And I am grateful she's dug in on the mammogram issue, because I've been keeping my powder dry until I found a source with some context. That's been hard to do (meaning more than a few minutes with Teh Google.)
So this is recommended.
Tidbit:
...It has been hard for many people, even scientists, to believe that some cancers start then stop or even regress. But researchers all over the world have been finding overdiagnosis in studies of all sorts of cancers.

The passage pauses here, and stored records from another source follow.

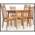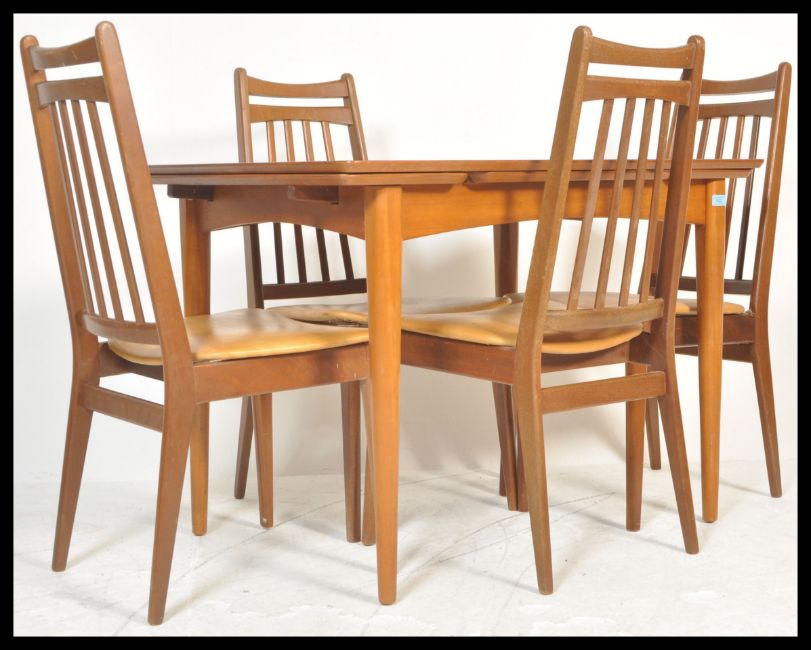 A vintage retro 20th Century teak Danish influence dining table suite with a set of four vintage teak wood chairs. The extending dining table with leaves raised on shaped supports. The set of four rail dining chairs having tan vinyl seats. Measures 73 cm high x 157 cm wide x 75 cm deep.
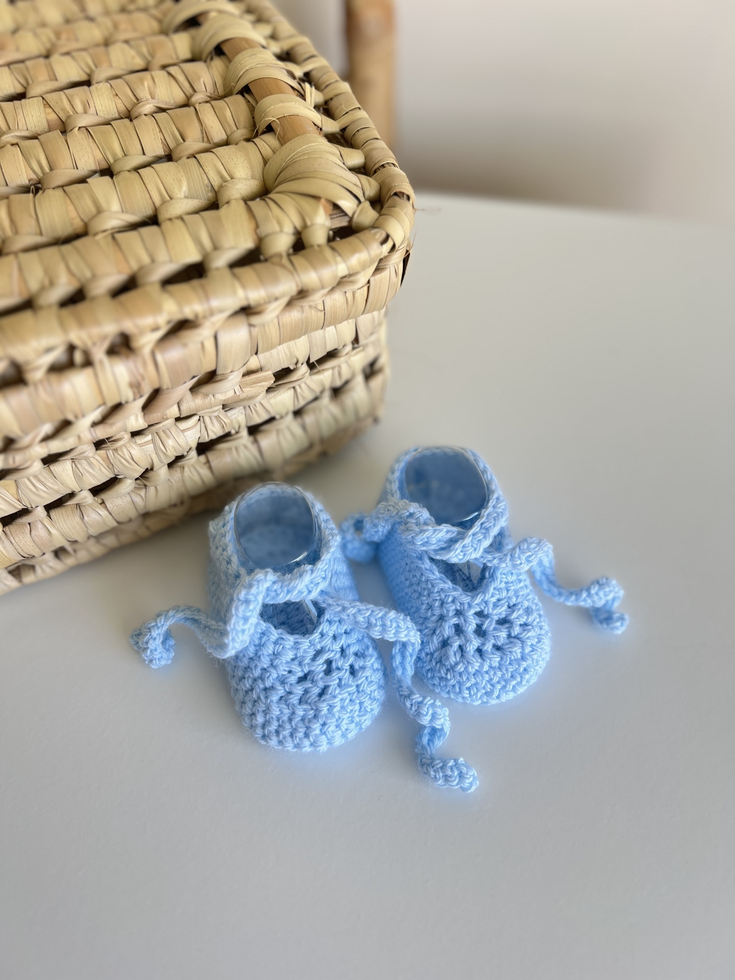 • Sapatinhos de bebé em crochet azul claro ao lado de caixa de palha trançada
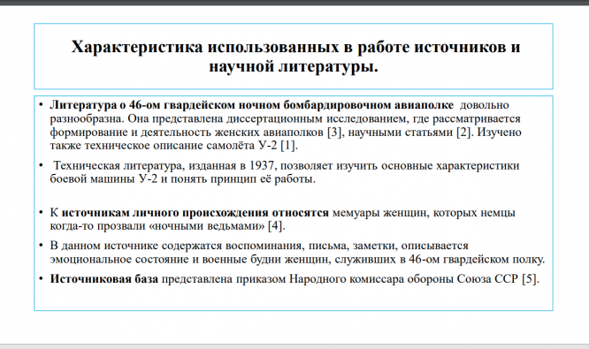 • Актуальность темы: Советские лётчицы – единственные женщины в мире, которые участвовали в воздушных боях во время Второй мировой войны. Героизм и мужество женщин, овладевание многими военными специальностями в короткие сроки, защита Отечества наравне с мужчинами - всё это обуславливает актуальность избранной темы исследования. Следует отметить, что за годы войны в СССР были сформированы 3 женских авиаполка [5]. 588- й полк, более известный как 46-й Таманский гвардейский ночной бомбардировочный авиационный полк (гнбап), лётчиц которого фашисты прозвали «ночными ведьмами», имеет особую историю. • Цель и задачи работы: В историографии изучены особенности формирования трёх женских авиационных полков в 1941г., методы проведения ночных боевых вылетов, также представлены биографии выдающихся лётчиц, удостоенных высокого звания Героя Советского Союза. Научная новизна данной работы в том, что делается попытка изучить достоинства и недостатки в ночном бою самолета У-2, стоящего на вооружении 588-го авиаполка, проследить за ведением боёв советских лётчиц, «ночных ведем», в историографическом ключе, с привлечением новых архивных источников. Поэтому целью данной работы является раскрытие вклада женщинавиаторов в победу над нацистской Германией в Великой Отечественной войне.
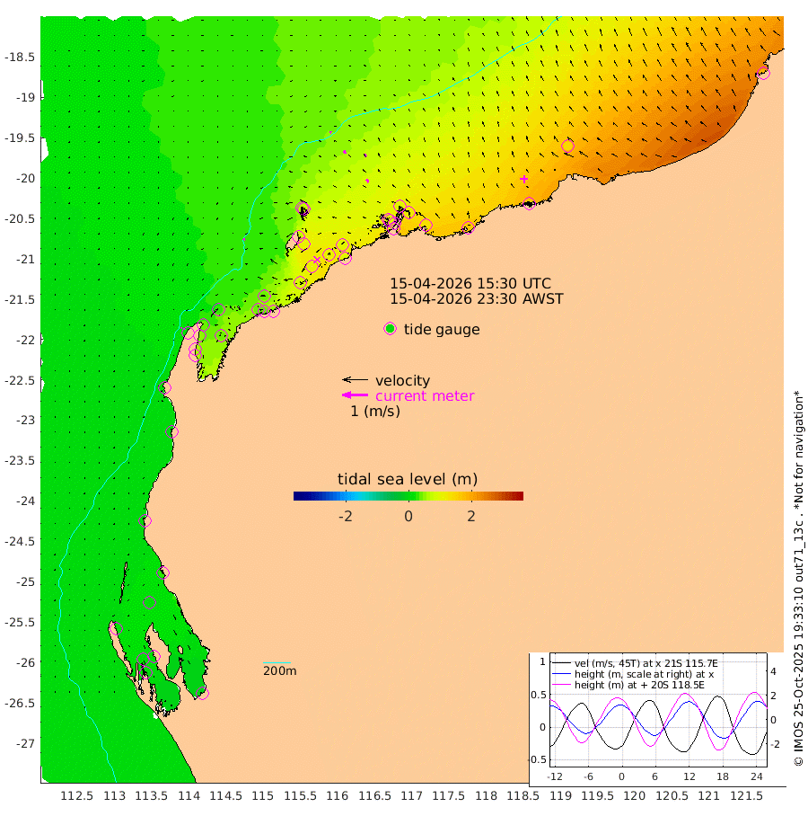 7cm/s -87T +12cm/s rms + 5cm/s -173T. NWSBAR 206m 3cm/s -138T +22cm/s rms + 10cm/s -148T. TAN100 109m 7cm/s -63T +11cm/s rms + 8cm/s -129T. PIL200 208m 12cm/s -43T +13cm/s rms + 7cm/s -137T. PIL100 105m 13cm/s -35T +12cm/s rms + 2cm/s -92T. PIL050 55m 4cm/s -128T +18cm/s rms + 4cm/s -149T. NRSNIN 61m 12cm/s -35T +6cm/s rms + 3cm/s 112T. NW Shelf M6 65m 16cm Withnell Point 16cm Denham 13cm Shark Bay (Inr Bn) 14cm Shark Bay 8cm Useless Loop -9cm Hamelin Pool 23cm Carnarvon 10cm Cape Cuvier 10cm Coral Bay 12cm Norwegian Bay 58cm Badjirrajirra 18cm Tantabiddi 38cm Point Murat 50cm Exmouth 64cm Learmonth 43cm Y Island 29cm North Muiron Island 38cm Roller 40cm Ashburton North 46cm Onslow (Beadon Creek) 42cm Thevenard Island 86cm Large Island 108cm North Sandy Island 69cm Barrow Island (Wapet Landing) 105cm Barrow Island (Tanker Mooring) 97cm Withnell Bay 69cm Trimouille Island 57cm North West Island 96cm Fortescue Road 99cm Steamboat Island 102cm Sholl Island 96cm Fairway Beacon 96cm Mawby Island 97cm Dampier (King Bay) 90cm Cape Legendre 118cm Hauy Island 129cm Port Walcott (Cape Lambert) 162cm Depuch Island 161cm Port Hedland 137cm Bedout Island 188cm Lagrange Bay
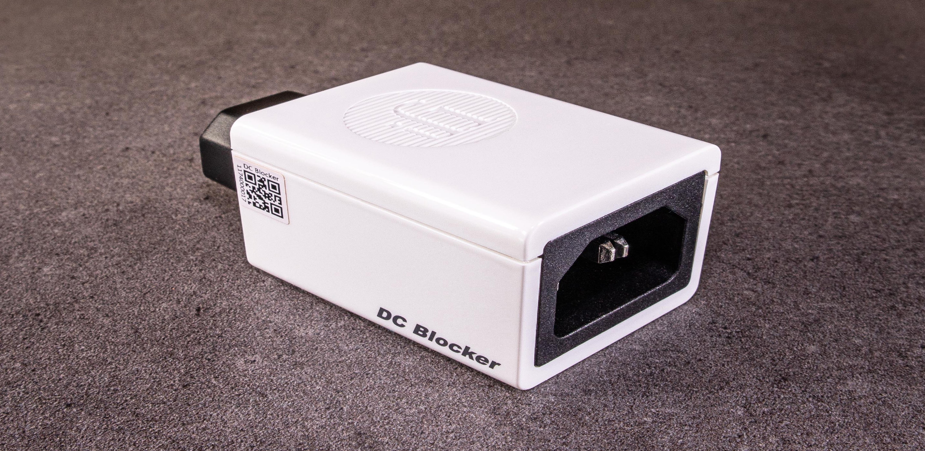El Bloqueador de CC es un dispositivo inteligente que se coloca en el IEC (en la entrada de alimentación trasera) y, como su nombre lo indica, evita que la CC entre al amplificador. Por lo tanto, elimina el zumbido del transformador del amplificador.
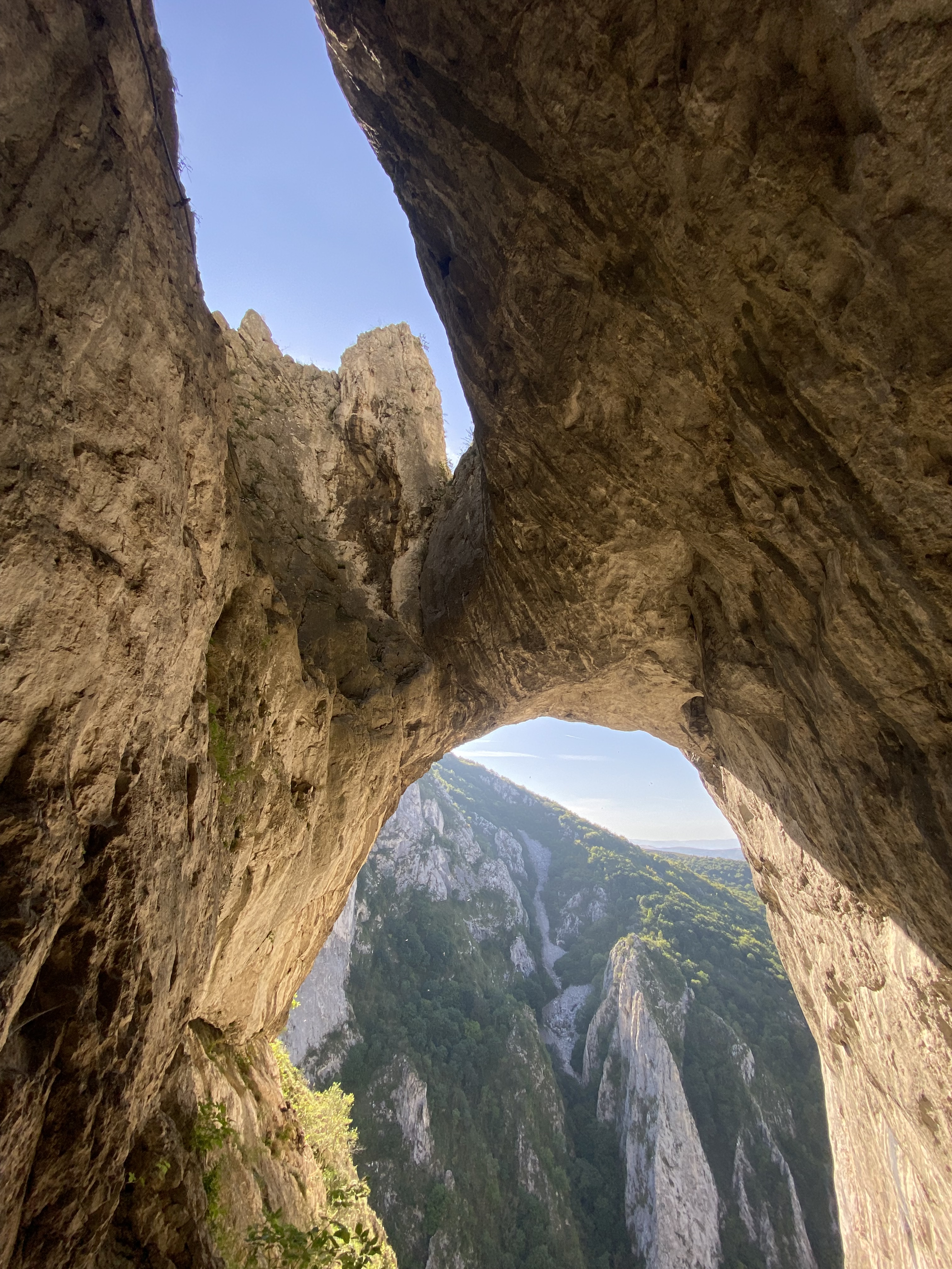 For an active rest day in the gorge, there is a superb via ferrata through the Grota lui Hili, a stunning arch-come-cave that sits high in the gorge with a stunning view. The via ferrata had some controversies, it was built in 2012 on an existing low grade climbing route and the cables got chopped. It seems to be widely accepted now, but one thing we do think is that it’s not the job of visiting climbers and tourists to interfere in the climbing ethics of another country. Whether you go for routes or via ferrata, the Grota lui Hili is an amazing piece of rock architecture and it gives you a birds eye view of the huge amount of rock in Cheile Turzii. This side of the gorge bakes in the sun all day so go when it will be cool or pack your sun cream!
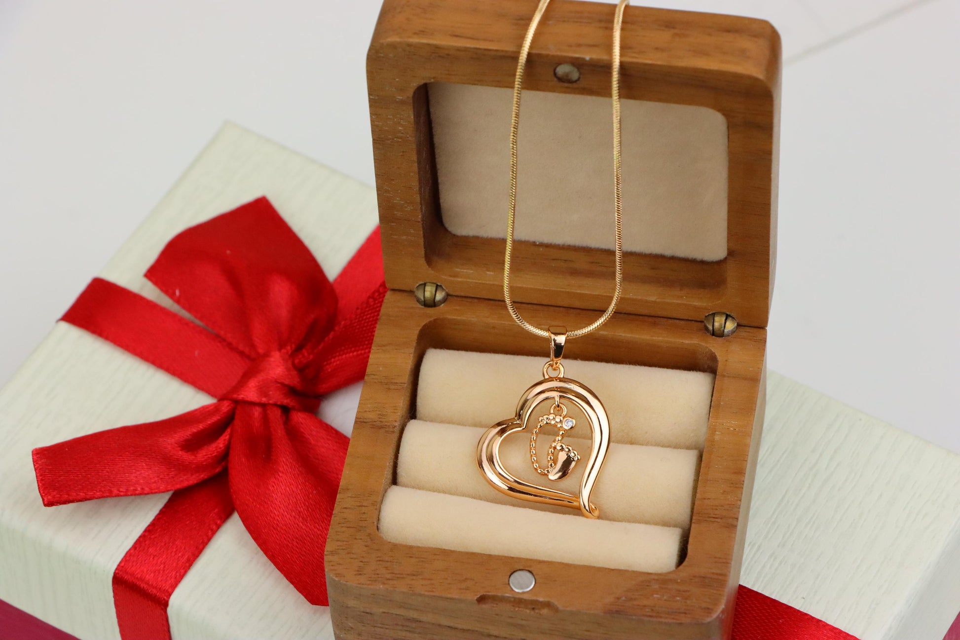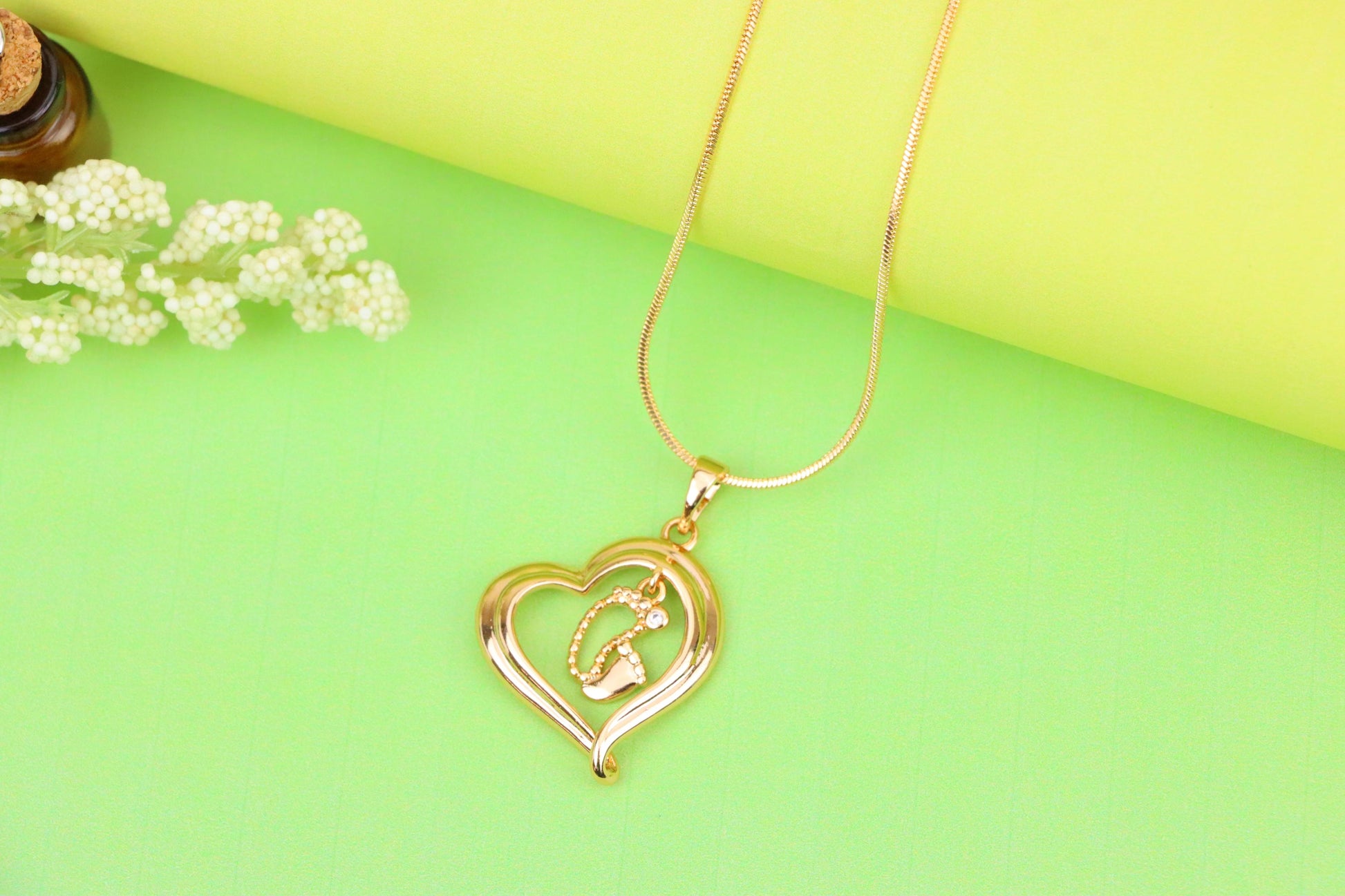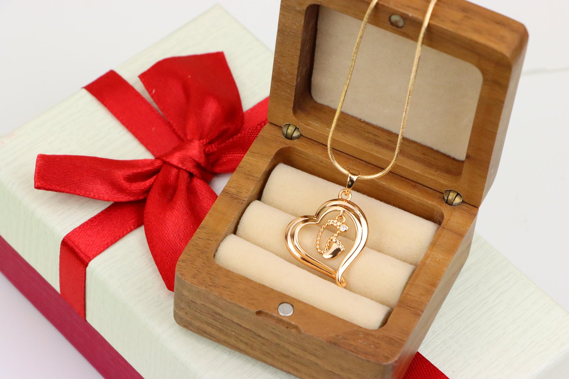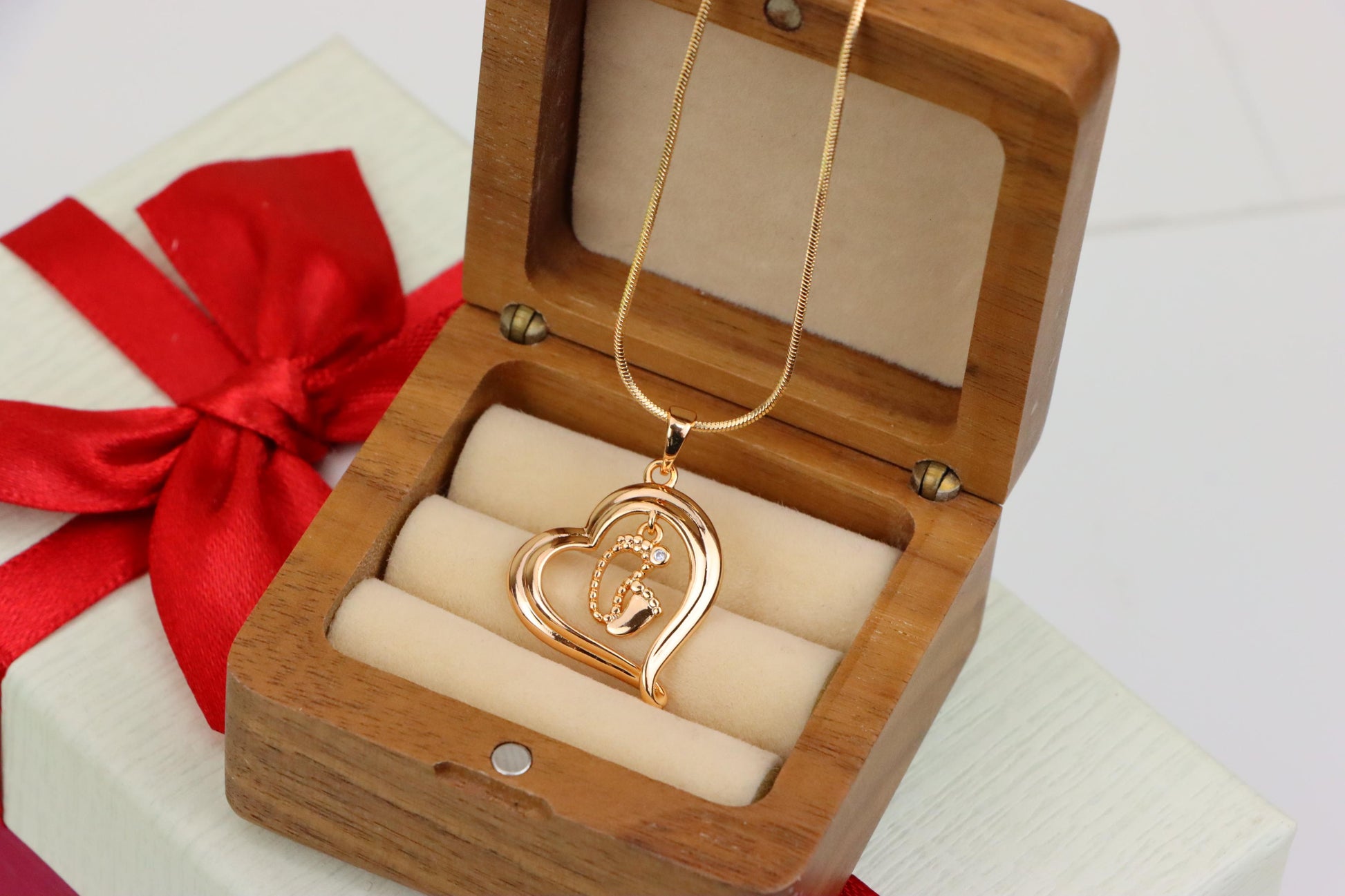 Rose Gold Heart Pendant with Baby Footprint Charm – Elegant Look, XPPT1199

Dr. Barnett Kramer of the National Institutes of Health, who was not part of the panel, described overdiagnosis as “pure harm” because it means that women are treated with measures like chemotherapy, radiation and surgery for tumors that do not need treating.
...Their analyses concluded that mammograms every two years give the nearly the same benefit as annual ones but confer half the risk of harms.
Is that what you want for your sister, just so you can feel safer? Assuming that you aren't a false positive yourself, of course, in which case you are willing to risk being one of the 1,000 false positives or maybe even all of the above to avoid being one of the 1.5 in 1,000 who needs treatment.
It isn't about controlling costs with closer scrutiny of screening protocols, and it certainly isn't about a giant government plot to ration health care to women.
It's about tradeoffs. And it's up to us as medical consumers to recognize our role in the decision making, the supply-and-demand side of it all.
None of us wants to die, but too many of us believe we can avoid death by defying science, the very thing that helps keep us alive. Go figure.